As for recourse…buying a watch or anything else online that’s expensive…I’d only pay via a credit card. At least that way you’ve got some recourse if something happens.

I worked in two package sort facilities many years ago. I never saw anyone take anything, but given a few of the folks I worked with (screwballs) it wouldn’t surprise me. The vast majority were good folks. All it takes is a bad apple or two to ruin things.


----------



## Marmaduke

For those saying OP may be lying… What’s his angle? What does he accomplish here by spinning that tale if not true? I fail to see the motivation unless he’s just a mad man who gets off by lying about receiving rice instead of a watch to a bunch of strangers on the internet.

When I want to see the world burn like that, I jump into a COD lobby…


----------



## macdiesel

This looks like a job for…


----------



## Ezra New York

I haven’t had carbs in two years. I’d be stoked.


----------



## gr8adv

I once got a box with two watches instead of one. It was worth something, but not luxury. I gave it to some poor sole dressed up as Superman at the mall.


----------



## [email protected]

Nokie said:


> Put your credit card company between you and the issue.


Always wise.


----------



## VinceWatch

Are you saying that the box addressed from Jomashop had the rice in it? I have bought a couple of watches from Jomashop and had no problems. I would make UPS prove that the signature is mine and dispute the Credit card charge. Also call Jomashop.

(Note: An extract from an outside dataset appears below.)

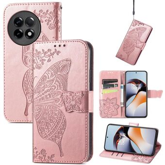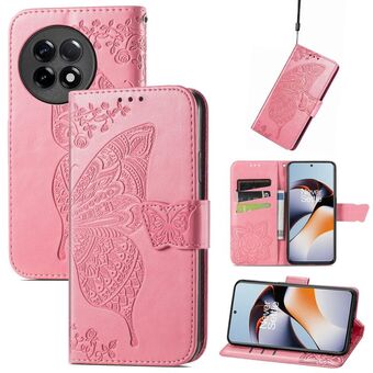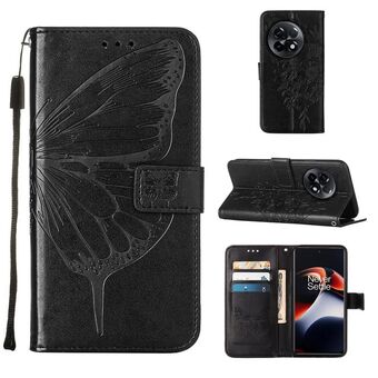 Θήκη τηλεφώνου από δέρμα με ανάγλυφο σχέδιο πεταλούδας για OnePlus Ace 2 5G / 11R 5G (Μαύρο)

Finally the rice mix is pretty good, I have had it many times.


----------



## saintsman

VinceWatch said:


> Are you saying that the box addressed from Jomashop had the rice in it? I have bought a couple of watches from Jomashop and had no problems. I would make UPS prove that the signature is mine and dispute the Credit card charge. Also call Jomashop. Finally the rice mix is pretty good, I have had it many times.


Ah, signatures. With deliveries, it's often done on a phone touchscreen (or similar item) using your finger. I have never managed to produce one that looks like my signature.


----------



## Kermie

What makes it questionable to me, is the OP hit once and ran. After asking for advise, you would think they would be around to ask other questions or at least comment on what they have done. Not sure what one gains by lying, but you never know.


----------



## Marmaduke

Kermie said:


> What makes it questionable to me, is the OP hit once and ran. After asking for advise, you would think they would be around to ask other questions or at least comment on what they have done. Not sure what one gains by lying, but you never know.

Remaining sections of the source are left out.